This and any other media form it aint going to change....like some who are trying to change TER,
and the way or who post....just not going to happen!

Here's another link for you Donna.....as if us posting links draws attention! Please give me a break!

anyway here an interesting article!


Johns Help Each Other Find the Right 'Internet Sex Provider'

By Alexis Madrigal  03.13.08 | 5:00 PM

As the Eliot Spitzer scandal has highlighted, prostitutes and their salespeople have embraced the internet in large numbers.

One economist argues that the ease and anonymity of the online world have created a virtual red-light district in which customers face little fear of prosecution.

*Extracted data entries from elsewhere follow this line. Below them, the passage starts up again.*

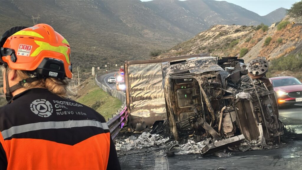El reporte inicial se recibió a las 15:46 horas, y de inmediato personal de Protección Civil de Nuevo León, Protección Civil de García y Bomberos Nuevo León se trasladaron al sitio para controlar la emergencia. Según información de las autoridades, el conductor del vehículo, identificado como Juan Daniel González, de 26 años, informó que el incendio se originó tras la explosión de un neumático, lo que consumió en su totalidad el tractocamión.
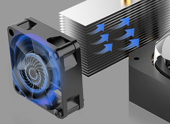 Das neue Wärmeableitungssystem umfasst doppelte wärmeleitende Kupfer-Heatpipes und einen Lüfter für schnellere Belüftung und effiziente Kühlung; der Lichtverlust beträgt nach 6000 Stunden Dauerbetrieb weniger als 5 %.
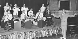 Melick, along with a handful of other featured players, was hand-selected by Landsberg to join the renowned band leader Orrin Tucker on a new dance music program; The Orrin Tucker Show.[5] Melick was briefly the center of controversy as Jimmy Palmer publicly accused Landsberg of stealing his piano player.[6] It didn't last long and everyone involved got a bit of free publicity. Melick remained the featured pianist on The Orrin Tucker Show until it was cancelled in October 1956 shortly after the death of Landsberg.[7]
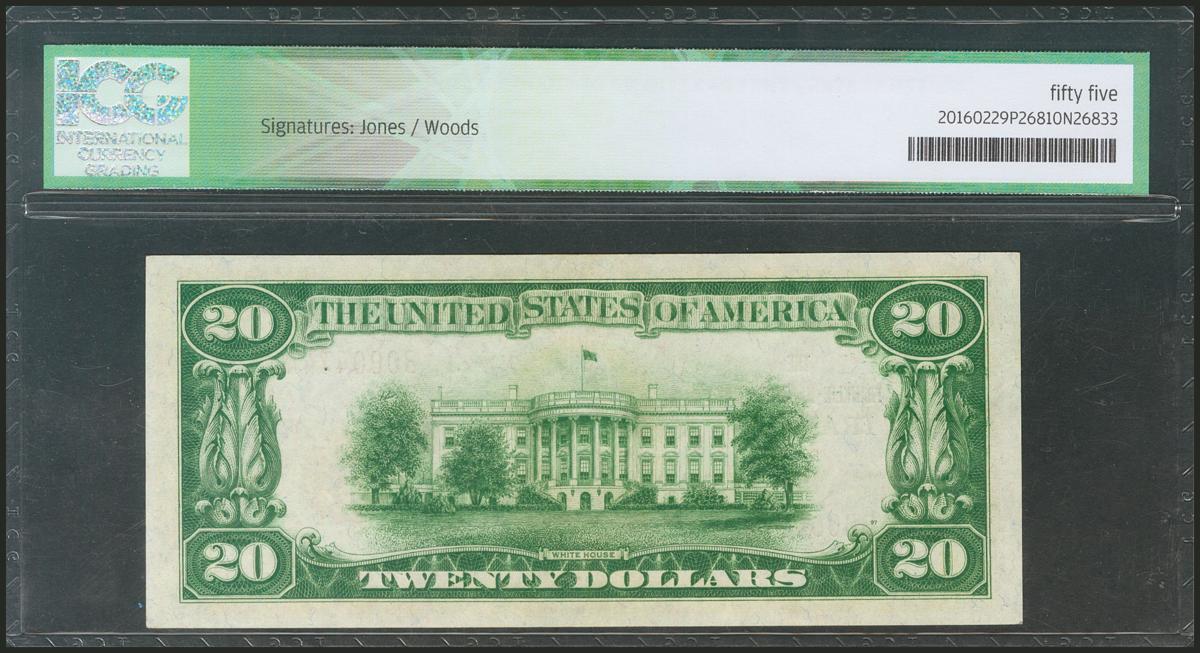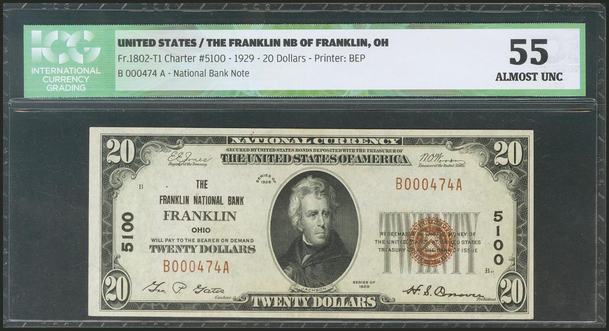 USA. 20 Dollars. National Currency. Ohio. Serial number B-A, low serial. 1929. (Friedberg: 1802-T1 Charter 5100). ICG55.

Like the file sharing of copyrighted music, soliciting tricks online may be illegal, but it's difficult to prosecute because of the number of people doing it and because of the difficulty of tracking down the individuals who visit prostitution websites.

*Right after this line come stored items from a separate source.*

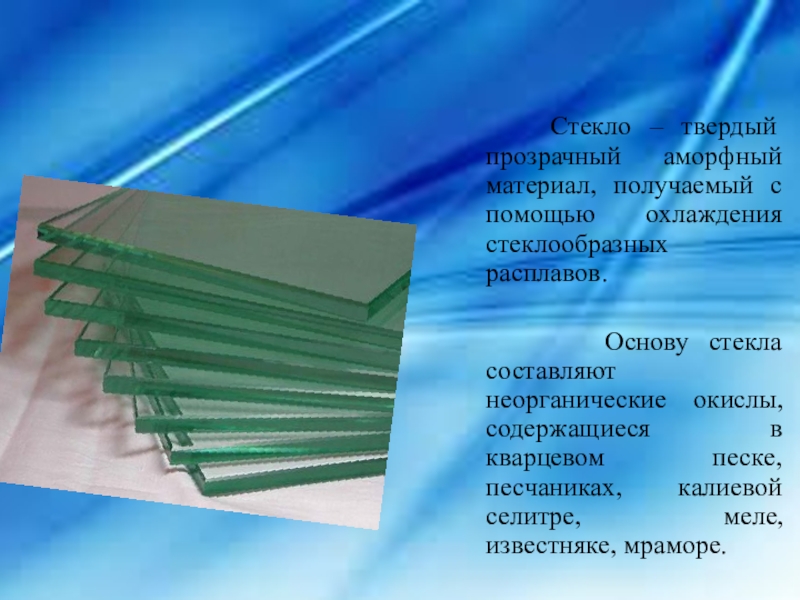 Слайд 2 Стекло – твердый прозрачный аморфный материал, получаемый с помощью
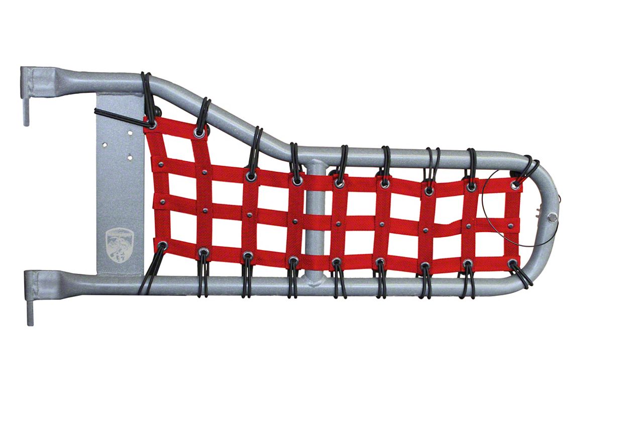 Red Safari Doors. Add an extra layer of protection on your Steinjager Tube Doors with a pair of Steinjager Tube Door Cargo Net Covers in red. This door cover helps keep out big road debris and add a very safari-style look to your Jeep. The deep red color matches other red Steinjager Jeep accessories such as the cargo net for a very cohesive Jeep customization.
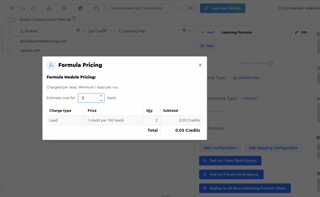 Fortunately for you, formulas are cheap for you to run on LeadTables, so this learning exercise we’re about to do will only cost you one fiftieth of a cent 🙂

"Today, the internet has caused a semi-legalization of this product," said Todd Kendall, a Clemson University economist trained at the University of Chicago.

Sites like The Erotic Review (NSFW), which has been called the Yelp of prostitution, help customers find, rate and review sex workers. Similar services abound, including My Red Book (NSFW) and Big Doggie (NSFW). Kendall says the sites allow prostitutes and their clients to cut out most of the risky, police-attracting behaviors associated with the sex trade -- like streetwalking.

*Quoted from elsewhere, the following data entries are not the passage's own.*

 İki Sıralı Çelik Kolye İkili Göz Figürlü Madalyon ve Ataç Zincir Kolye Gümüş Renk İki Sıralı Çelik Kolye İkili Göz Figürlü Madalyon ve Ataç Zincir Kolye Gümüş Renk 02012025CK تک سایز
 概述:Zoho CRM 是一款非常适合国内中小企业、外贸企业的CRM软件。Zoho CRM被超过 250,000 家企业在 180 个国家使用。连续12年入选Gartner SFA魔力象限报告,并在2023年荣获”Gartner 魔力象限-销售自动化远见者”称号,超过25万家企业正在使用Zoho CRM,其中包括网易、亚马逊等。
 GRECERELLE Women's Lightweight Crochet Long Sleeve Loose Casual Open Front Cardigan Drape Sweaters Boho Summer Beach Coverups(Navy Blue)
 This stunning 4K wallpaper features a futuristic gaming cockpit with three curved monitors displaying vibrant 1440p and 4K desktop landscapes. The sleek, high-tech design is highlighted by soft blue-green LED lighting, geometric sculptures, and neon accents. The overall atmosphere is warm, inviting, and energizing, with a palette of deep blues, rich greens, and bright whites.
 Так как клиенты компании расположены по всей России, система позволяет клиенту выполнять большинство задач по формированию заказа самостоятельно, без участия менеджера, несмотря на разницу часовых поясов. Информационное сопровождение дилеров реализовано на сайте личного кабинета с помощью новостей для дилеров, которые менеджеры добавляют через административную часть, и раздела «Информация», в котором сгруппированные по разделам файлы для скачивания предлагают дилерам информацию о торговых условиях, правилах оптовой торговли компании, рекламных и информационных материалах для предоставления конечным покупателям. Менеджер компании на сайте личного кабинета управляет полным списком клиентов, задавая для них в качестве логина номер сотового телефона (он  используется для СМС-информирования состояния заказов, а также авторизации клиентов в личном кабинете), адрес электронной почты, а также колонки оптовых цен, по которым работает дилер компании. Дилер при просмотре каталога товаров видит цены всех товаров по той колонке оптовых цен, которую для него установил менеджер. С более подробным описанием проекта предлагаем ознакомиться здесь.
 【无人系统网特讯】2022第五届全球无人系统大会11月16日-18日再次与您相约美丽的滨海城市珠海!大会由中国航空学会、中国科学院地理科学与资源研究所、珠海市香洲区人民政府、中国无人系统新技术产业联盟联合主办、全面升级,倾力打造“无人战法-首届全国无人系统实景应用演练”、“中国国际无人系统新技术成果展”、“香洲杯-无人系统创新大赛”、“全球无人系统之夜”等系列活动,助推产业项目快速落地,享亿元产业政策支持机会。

At the same time, these sites allow prostitutes to solicit large numbers of potential johns at once. Compete.com estimates that the largest site, The Erotic Review, had 323,000 unique users last month.

Good reviews drive sex sales, prostitutes report. "I get a lot of calls when I have a new TER review," wrote a "provider," Bobbi, on her blog late last year. "It always amazes me how many men chose to see me based on these new reviews. They tell me that they will only see a well-reviewed provider."

Kendall predicts that similar applications could be built for other types of vice, making it increasingly difficult to enforce the nation's laws.

"I've got a student working on an application where you enter a city and it will tell you what grades and types of marijuana are available," he said.

The open-secret nature of the information on escorts and their clientele is also helping researchers like Kendall understand the economic underpinnings of the oldest profession. Drawing on data from The Erotic Review, Kendall has been able to compute the mean rate for sex workers who have an internet presence: $250-300 per hour. Those who work the streets make much less, he says.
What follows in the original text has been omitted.